- [TASK ITEM]
For this exercise, return only the lines in the records below from the one holding "Aqui, queremos saber" through the one holding "奏さん 27歳・自営業 165cm)", including both, exactly as they appear and without pictures.

--- LISTED ENTRIES Enclosed Below ---

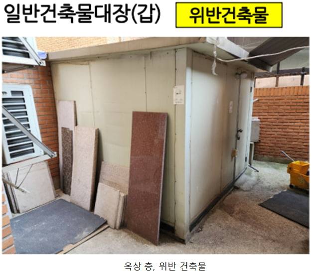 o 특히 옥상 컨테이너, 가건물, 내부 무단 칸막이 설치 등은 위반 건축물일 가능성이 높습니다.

--- End of Enclosed LISTED ENTRIES ---
--- LISTED ENTRIES Enclosed Below ---

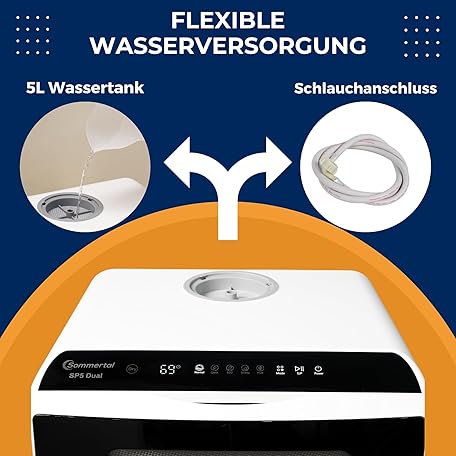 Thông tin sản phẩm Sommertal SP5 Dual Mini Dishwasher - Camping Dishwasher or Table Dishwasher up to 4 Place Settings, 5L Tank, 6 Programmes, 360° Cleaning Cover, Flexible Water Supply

--- End of Enclosed LISTED ENTRIES ---
--- LISTED ENTRIES Enclosed Below ---

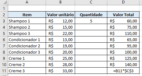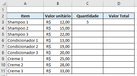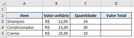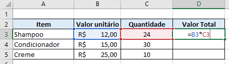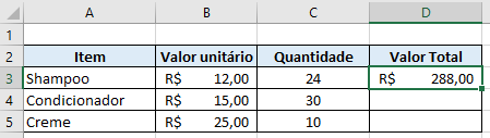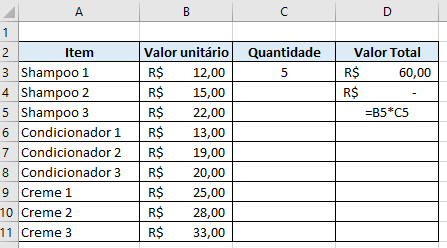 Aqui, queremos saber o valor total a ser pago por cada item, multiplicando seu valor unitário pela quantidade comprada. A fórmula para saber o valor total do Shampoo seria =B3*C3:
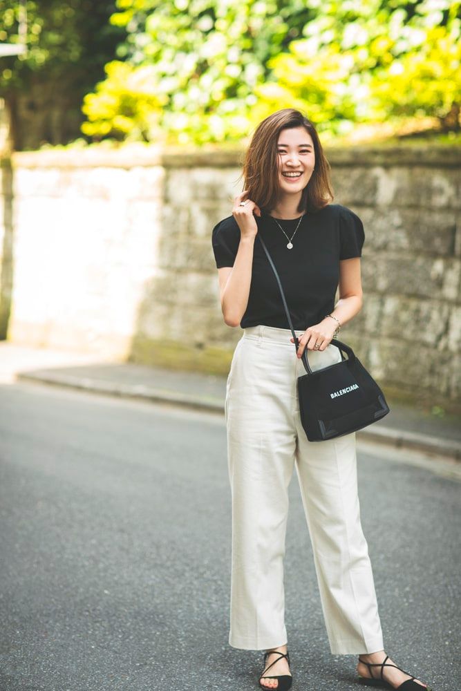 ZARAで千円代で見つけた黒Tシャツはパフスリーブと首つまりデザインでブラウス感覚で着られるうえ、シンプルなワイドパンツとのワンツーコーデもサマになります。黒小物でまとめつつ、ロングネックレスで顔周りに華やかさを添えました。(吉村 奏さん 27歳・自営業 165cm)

--- End of Enclosed LISTED ENTRIES ---

- [RESULT OF THE EXERCISE]
 Aqui, queremos saber o valor total a ser pago por cada item, multiplicando seu valor unitário pela quantidade comprada. A fórmula para saber o valor total do Shampoo seria =B3*C3:
 ZARAで千円代で見つけた黒Tシャツはパフスリーブと首つまりデザインでブラウス感覚で着られるうえ、シンプルなワイドパンツとのワンツーコーデもサマになります。黒小物でまとめつつ、ロングネックレスで顔周りに華やかさを添えました。(吉村 奏さん 27歳・自営業 165cm)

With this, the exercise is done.